Shockingly, it wasn’t after Twitter received numerous complaints from teenage girls that he’s been sliding into their DMs. It was due to one of the insulting and offensive things James Woods has spat out on Twitter over the years. Sorry James, looks like if you want to pop off in front of an embarrassed audience, you’re limited to whatever you can hiss in the four minutes it takes for your latte to be made.
According to The Hollywood Reporter, Twitter recently found that a tweet James made in July had violated their rules, and so they’ve locked him out of his account. The tweet in question reportedly involved a voting meme that appeared to come from a Democratic source, showing three men claiming they were going to skip the US midterm elections on November 6th so that women’s votes would count for more. It obviously wasn’t real, but still, James – a hardcore conservative – tweeted:
“Pretty scary that there is a distinct possibility this could be real. Not likely, but in this day and age of absolute liberal insanity, it is at least possible…”

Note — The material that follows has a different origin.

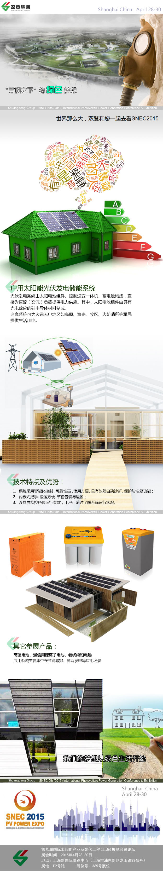 2015年4月28-30日,上海新國際博覽中心即將舉辦SNEC第九屆(2015)國際太陽能產業及光伏工程(上海)展覽會及論壇(SNEC PV POWER EXPO 2015)。定位于“大數據時代領先的綠色儲能集成服務供應商”的雙登集團,將攜多種新能源產品盛裝亮相,與您一起追尋穹頂之下的綠色夢想。

Twitter decided that James’ tweet had “the potential to be misleading in a way that could impact the election.” They locked him out of his account unless he agreed to delete the tweet. Yesterday, James told the Associated Press that he had no intention of deleting the tweet. However, when you search for the tweet, Twitter pulls an “I don’t know her.” Which means there’s a chance he might have deleted it. James Woods folding like a cheap umbrella? I never would have guessed. Although James hasn’t tweeted since September 20th, so who knows what’s up.
This news probably isn’t too surprising for anyone who has been following James’ career as a proud Twitter asshole. Back in July, he announced that his agent Ken Kaplan had dropped him as a client on Independence Day. Ken didn’t say why he was quitting James, but it most likely had to do with all the headaches Ken (a “political liberal”) got watching James on Twitter.
THR says that James received an email from Twitter informing him of what had happened. I like to think James got that email after he tried logging in unsuccessfully dozens of times. “What the hell? Did I recently change my password? Let’s try MelaniaIsABabe…nope. Ok, what about TriggeredSnowflakes. Not that. Maybe it has something to do with some recent film work? Naw, definitely not – I haven’t had any of that.”